# Vertical Smoker Build - Need Some Guidance



## robotfist (Jun 15, 2021)

Hi there. I have a 4' tall piece of pipe in my backyard that is 20" in diameter and made of 5/16" carbon steel (see pic). It's begging me to turn it into a smoker. I was originally going to build an offset smoker with it, but space is limited at my home, and I've determined that a vertical will fit much better on my patio. There are plenty of DIY instructions for building offsets, but very few when it comes to building verticals. I have some questions and I was wondering if anyone in this forum might be able to help me with them.

First off, due to space limitations, I won't be putting a fire box on the outside of this smoker. It'll need to go in the bottom, like a UDS. How should I separate the firebox from the smoke chamber? My plan is to cut two different doors, one for the smoke chamber and one for the firebox, and then create a divider between the two chambers.  And maybe place a water tray on it? So should I maybe weld in a circular steel plate as a divider, leaving gaps on the sides for the smoke to pass through? Or maybe use a perforated, steel circle as the divider? Any suggestions would be helpful. I can't find a lot of info out there about installing fire boxes into a vertical smoker.

Second, how big of a smokestack should go on the top? The store-bought vertical cabinets seem to have no chimneys on them, but all the DYI verticals I see (usually made from propane cylinders) have smokestacks. I was originally going to attach a smokestack that is 4" in diameter and 16" tall on the top, just to get the smoke up and away from eye level. But there was no rhyme or reason to those dimensions, I just picked them out of thin air. Any thoughts on this?

And lastly, if my pipe is 4' tall, how much of that should I allocate to the smoke chamber, and how much to the firebox?

Any help would be much appreciated. Thanks.


----------



## kilo charlie (Jun 15, 2021)

Below are photos of my various vertical smokers to help give you some ideas.






Above is my Pit Boss Copperhead 5 (when it was brand new) The square box at the bottom is a cover for the burn pot and above that is the water pan followed by the racks.

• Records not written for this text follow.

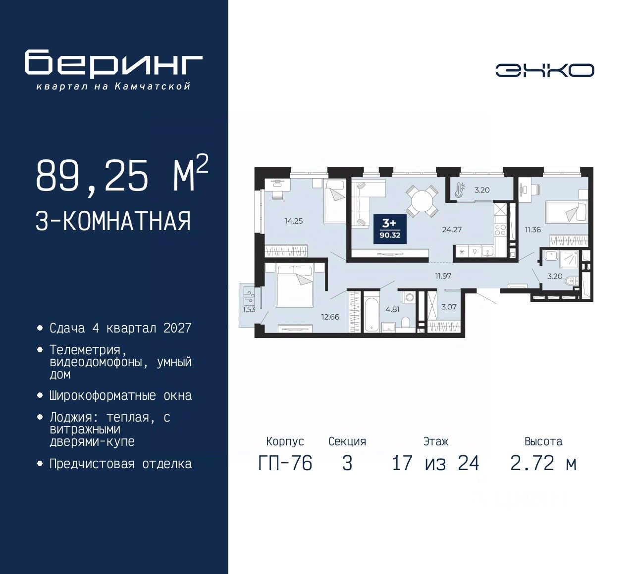 3-комн. квартира от застройщика с предчистовой отделкой в ЖК "Беринг" на 17 этаже. Общая площадь: 89.25 кв.м., жилая: 38.27 кв.м., площадь просторной кухни-столовой: 24.27 кв.м. Квартира угловая, очень светлая, естественная вентиляция при открытии окон. В квартире один балкон и одна лоджия, два совмещенных санузла. Высота потолков 2.72 м.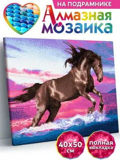 Вороной конь Алмазная мозаика на подрамнике 40х50 см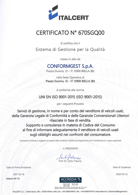 La búsqueda de la mejora constante que ha caracterizado el crecimiento de ConformGest en el transcurso de sus 9 años de actividad, ha permitido en Marzo 2017 conseguir una meta importante: la certificación UNI EN ISO 9001 – 2015 por parte del organismo cualificado ITALCERT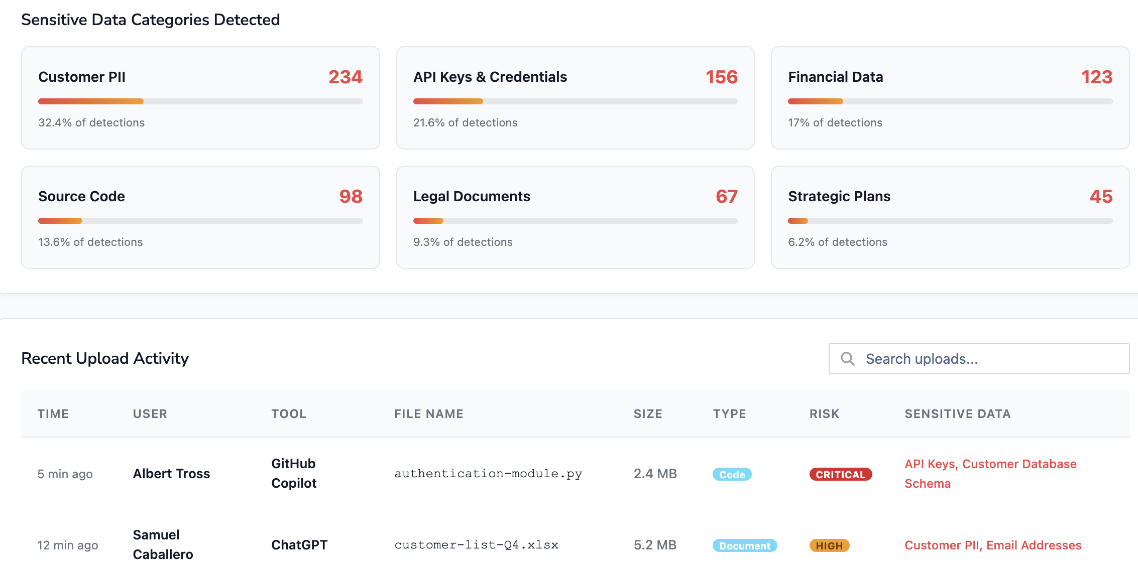 authentication-module.py or customer lists in real-time.(Matches your "Sensitive Data Categories Detected" screenshot)

This is the adjustable chimney/rain cap. It's threaded to open or close the air flow.






Above is the propane smoker. It's got two doors with the smaller one to access the wood boxes.

I was using this as a cold smoker with the A Maze N tube laying in the water pan. There is an overlap of metal angled down to force the drippings into the water pan.

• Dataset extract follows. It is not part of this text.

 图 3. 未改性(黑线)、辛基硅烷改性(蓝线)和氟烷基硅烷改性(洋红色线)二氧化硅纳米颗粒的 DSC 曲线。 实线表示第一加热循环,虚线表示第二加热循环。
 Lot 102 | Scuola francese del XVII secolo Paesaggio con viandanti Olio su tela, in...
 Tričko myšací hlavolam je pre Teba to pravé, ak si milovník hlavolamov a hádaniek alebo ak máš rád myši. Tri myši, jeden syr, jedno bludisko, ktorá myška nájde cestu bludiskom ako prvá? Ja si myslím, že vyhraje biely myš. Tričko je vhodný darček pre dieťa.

The foil pan on top is blocking it but you can see the top edge of the static chimney that is non adjustable. 






This is a smaller propane smoker that had a combination water and wood pan... I modified it by adding a small hotel pan as the water pan and kept the other tray for wood chips and pellets.
I also lined the inside with some mirror polished stainless steel to double the wall thickness. Lava Lock seal for the door.

You can see there is no chimney on this one and just a sliding vent to supposedly control the temps.

Hopefully this will spur some design ideas for your build!


----------



## robotfist (Jun 15, 2021)

kilo charlie said:


> Hopefully this will spur some design ideas for your build!



Hey thanks for that! That certainly helps. It looks like in all cases, your firebox is clearly divided from your smoke chamber. So maybe I don't need a ton of open air between the two.


----------



## kilo charlie (Jun 16, 2021)

If you have a plate between the fire box and the cooking chamber.. the fire will heat that plate and that will help radiate the heat more evenly vs just having a hot spot of heat shooting straight up. 

I hope that make some sort of sense haha


----------



## JLeonard (Jun 16, 2021)

I would suggest looking at UDS builds and How the WSM's are set up and kinda base your build off if those. Looking forward to seeing your progress on this,
Jim


----------



## robotfist (Jun 16, 2021)

kilo charlie said:


> If you have a plate between the fire box and the cooking chamber.. the fire will heat that plate and that will help radiate the heat more evenly vs just having a hot spot of heat shooting straight up.
> I hope that make some sort of sense haha



Yep, totally. Makes perfect sense. And I imagine it would also help keep heat from escaping the smoke chamber when I open the firebox to refuel.


----------



## kilo charlie (Jun 16, 2021)

robotfist said:


> Yep, totally. Makes perfect sense. And I imagine it would also help keep heat from escaping the smoke chamber when I open the firebox to refuel.


Yes that too!


----------



## andres (Jan 3, 2022)

Hey! Did you finish your build? I just started a project with two 300L propane tanks, and Im decided to do a vertical one. Maybe not a stick burner but for charcoal, based on the idea of the WSM. I´ll post some pictures next week once I start the project, It would be cool to see how yours turned out.


----------